In 2017, NYC BigApps received a record-breaking 150 eligible submissions, almost 2.5 times as many as the previous competition held in 2015. We also saw an over 25% increase in the number of registered participants over the previous year. We believe the workshops and resources provided during the open submission phase was a large contributing factor to the increased participant engagement and retention.
BigApps 2017 engaged 54 mentors with expertise in technology, product development, user experience, marketing, and operations, as well as subject-matter expertise working with youth, seniors, and immigrants. The competition recruited mentors from the 30+ community partner organizations and sponsors, which hail from the private, public, and civic sectors. Mentors provided one-on-one office hours to workshop participants and guidance related to their skill set or areas of expertise.

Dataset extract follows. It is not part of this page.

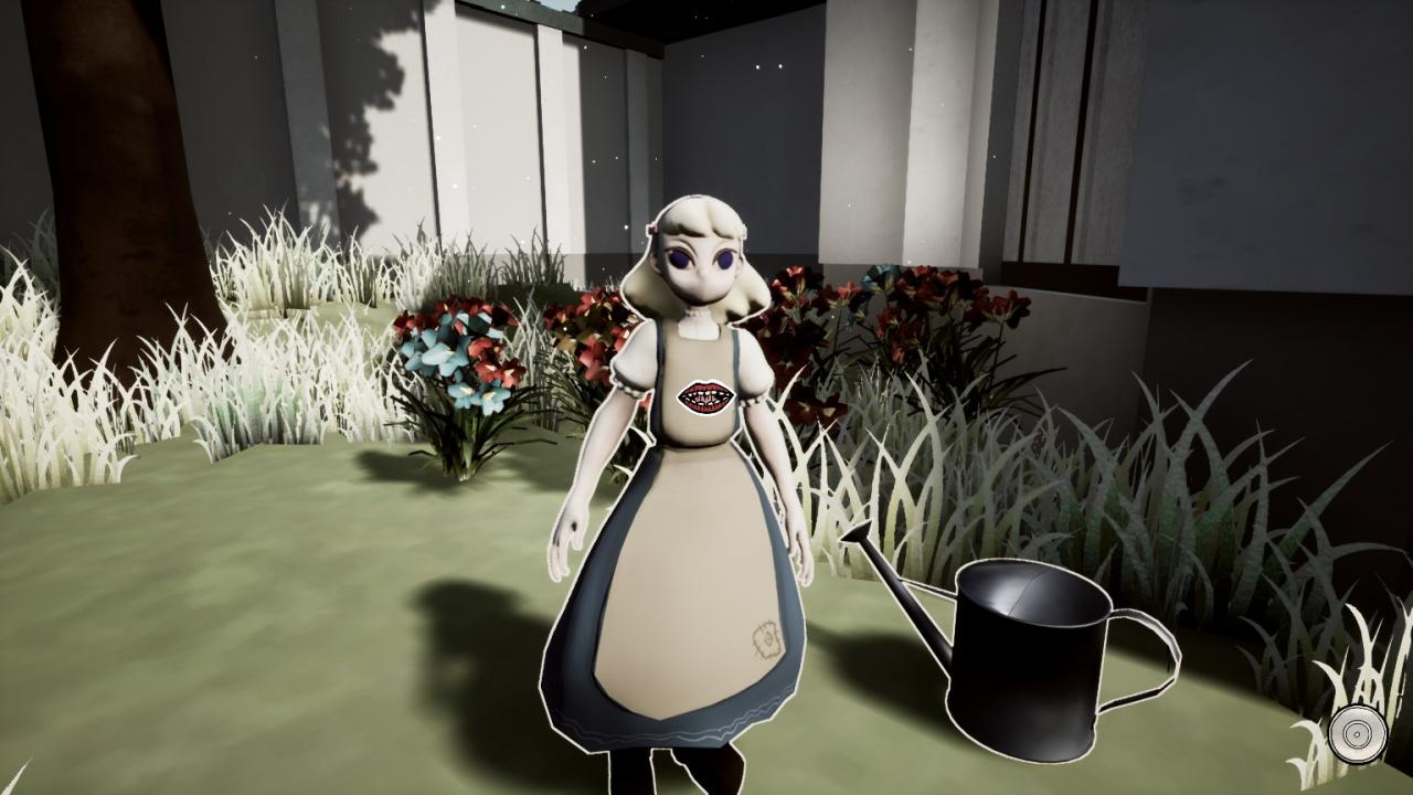 - Press ‘Q’ to return to the dark world, and look for a girl stuck in the ground. Press ‘E’ to open your inventory, select the watering can, and interact with the girl. Pick up [MEAT I] that spawns.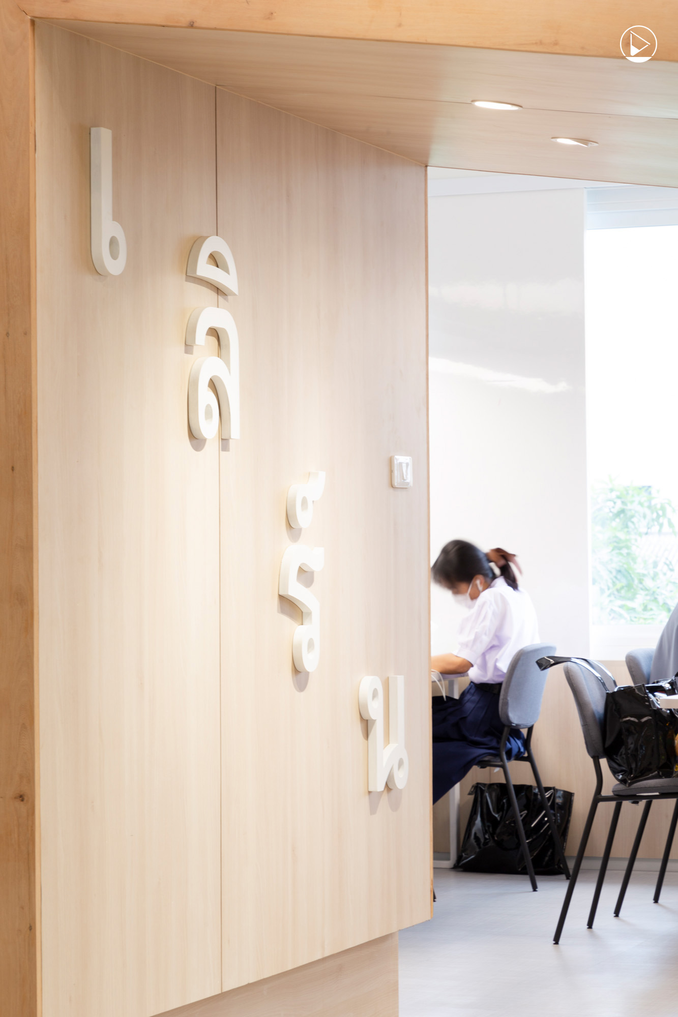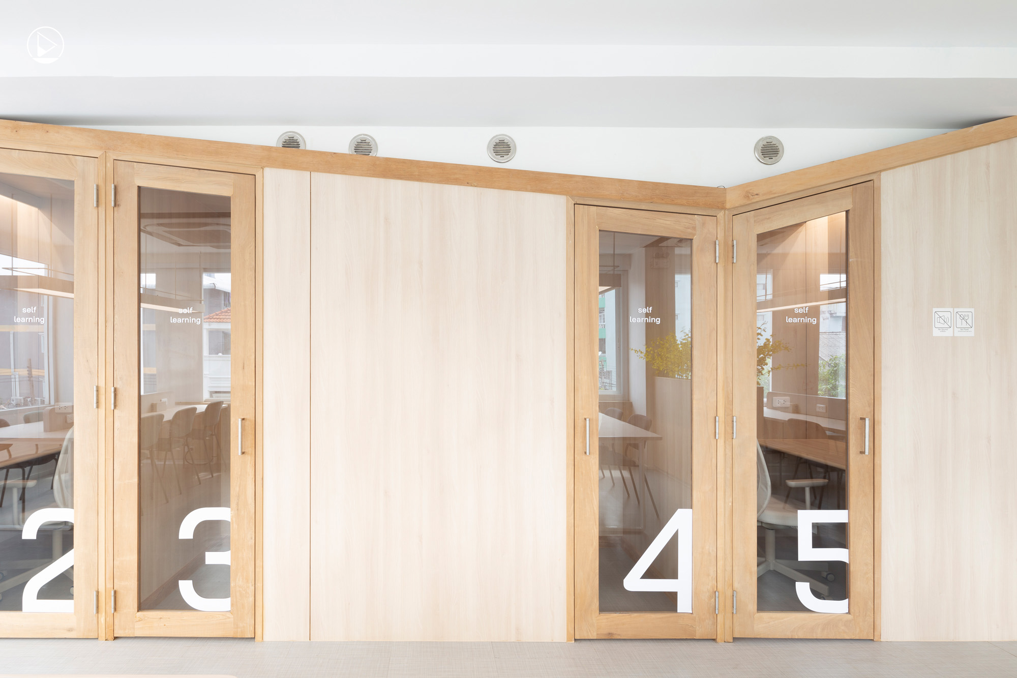 ส่วนฝั่งด้านหลังของอาคารเป็นโซน เลิร์น ซึ่งจะเป็นพื้นที่ที่สามารถนั่งทำงานได้อย่างมีประสิทธิภาพ โดยแบ่งเป็นโซนโต๊ะทำงานที่เป็นโต๊ะเดี่ยวซึ่งสามารถกาง Partition ที่ออกแบบไว้เพื่อสร้างขอบเขตพื้นที่ของตัวเองได้ชัดเจนและยังมีดีเทลดีไซน์อย่างกระดานไวท์บอร์ดที่เลื่อนได้บริเวณหน้าต่าง ทำให้น้อง ๆ นักศึกษาสามารถใช้เป็นอุปกรณ์ในการติวหนังสือ หรือทำงานได้ นอกจากนั้นยังมีโซนโต๊ะประชุมสำหรับใครที่มาเป็นกลุ่ม และมีห้องเงียบสำหรับใครที่ต้องการสมาธิ

We believe that by developing challenges based on an in-depth understanding of end-users’ needs is a foundational step to finding a true market opportunity. By conducting a series of listening sessions driven by an empathic approach with both the target constituents and the providers who serve them, we were able to generate design challenges anchored in real human needs. The challenge statements were broad enough to attract a wide spectrum of innovators – from technologists and designers to academics and nonprofit professionals – while also being narrow enough to clearly articulate the challenges faced by NYC youth, seniors, and immigrants.
In addition, engagement of local public and private service providers is key to taking a holistic approach to solving pressing challenges faced by New Yorkers. While NYC BigApps was originally launched in 2009 to galvanize the tech community in New York City, the competition has taken a broader approach to improving the quality of life for people living in the City. This approach requires the engagement of not only the developers, designers, and entrepreneurs who traditionally participate in the competition, but also the subject-matter experts and nonprofit professionals who have an acute awareness and understanding of the challenges experienced by the City’s most vulnerable persons. By partnering with 30+ community-based organizations, most of which were not tech-based, we were able to source a more diverse set of mentors, expand promotions to a larger civically-minded network, and invite nontraditional innovators to participate in the BigApps competition.